Kategori III. Informan Dengan Tingkat Kecemasan Tinggi Pada Tahap Perkenalan.

Informan:

1. Aprini Situmorang 2. Dian Febrina

Dari kesan awal yang diberikan Aprini sudah menggambarkan suasana wawancara itu menakutkan. Jadi saat memasuki ruangan wawancara Aprini Merasa kecemasannya meningkat, menurutnya kecemasannya meningkat karena ia baru pertama kali bertemu dan ia belum tau tipe pewawancara itu seperti apa, sehingga ia merasa bingung takut salah bertindak dan berkata.

Walaupun di tahap pra-wawancara ia melakukan interaksi dan bertanya tentang pewawancara kepada peserta yang lain, ia hanya berusaha menenangkan

hatinya disaat itu saja. Saat tiba giliran ia diwawancara biasanya kecemasannya mulai meningkat dan ia membiarkan kecemasan tersebut menjalar ke dirinya, jadi informasi yang didapatnya saat interaksi dengan peserta lain serasa percuma. Jantungnya semakin berdebar, badannya mulai berkeringat, bahkan merasa ingin buang air kecil.

Dian juga merasakan kecemasan yang meningkat ia merasa kakinya melemas saat memasuki ruangan wawancara, bibirnya pun sampai gemetar saat berbicara, bahkan untuk greeting sekalipun, ia menggambarkan kalau jantung nya berdebar lebih kencan.
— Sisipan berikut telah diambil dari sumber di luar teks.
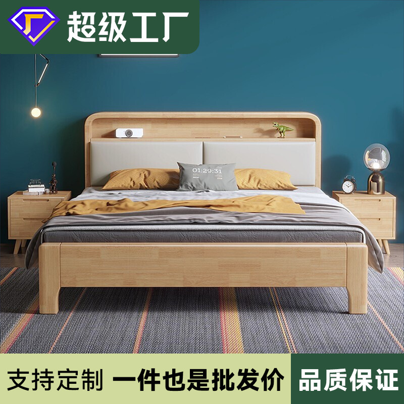 북유럽 단단한 나무 침대 1.8 야간 조명이있는 부드러운 더블 침대 1.5 m1.35 모던 심플 소형 아파트 1.2 수납 침대스토어 가기

Dian juga menggambarkan proses wawancara itu seperti berusaha untuk mengevaluasi dirinya, Hal ini yang membuatnya semakin tidak merasa nyaman.

Menurut Dian ia merasa tertolong karena di awal wawancara memang ada usaha dari pewawancaranya sendiri yang membuat suasana agar tidak kaku. Dian juga dapat merasa tenang karena biasanya gambaran Dian mengenai pewawancara itu seperti sosok “POLISI” ternyata memang meleset. Ia mengatakan kalau pewawancara yang biasa dijumpainya memiliki sosok yang

good looking, muda, dan cara pewawancara menyampaikan pertanyaan juga hangat, jadi terkesan seperti obrolan. Dian mengungkapkan semakin banyak mereka melakukan komunikasi maka kecemasannya dapt saja menurun dengan sendirinya, “Pertama-tama mungkin agak kagok, tapi lama-lama karena dia nanya saya jawab jadi lama-lama lancar, lama-lama hilang sendiri sih nervousnya.”

Seharus nya dengan kondisi seperti itu Dian sudah dapat mengendalikan kecemasannya. Akan tetapi saat ia pewawancara mulai bertanya maka kecemasannya mulai meningkat lagi, bibirnya selalu gemetar saat menjawab pertanyaan wawancara ada saatnya ia merasa tidak dapat berbicara dengan lancar,”....Yaa tetep aja jadi nervous, timbul lagi cemasnya kayak ngomong sampe belibet-belibet gitu...”. Pernah ia menjawab dengan spontan saja apa yang dipikirannya tanpa mencoba mengatur kalimatnya dulu begitu sadar ia tidak berbicara formal biasanya, ia langsung mengakhiri kalimatnya “..gitu.., Pak..” katanya. Walaupun ia tidak diwawancara sendiri dalam ruangan, ia tetap saja merasa cemas.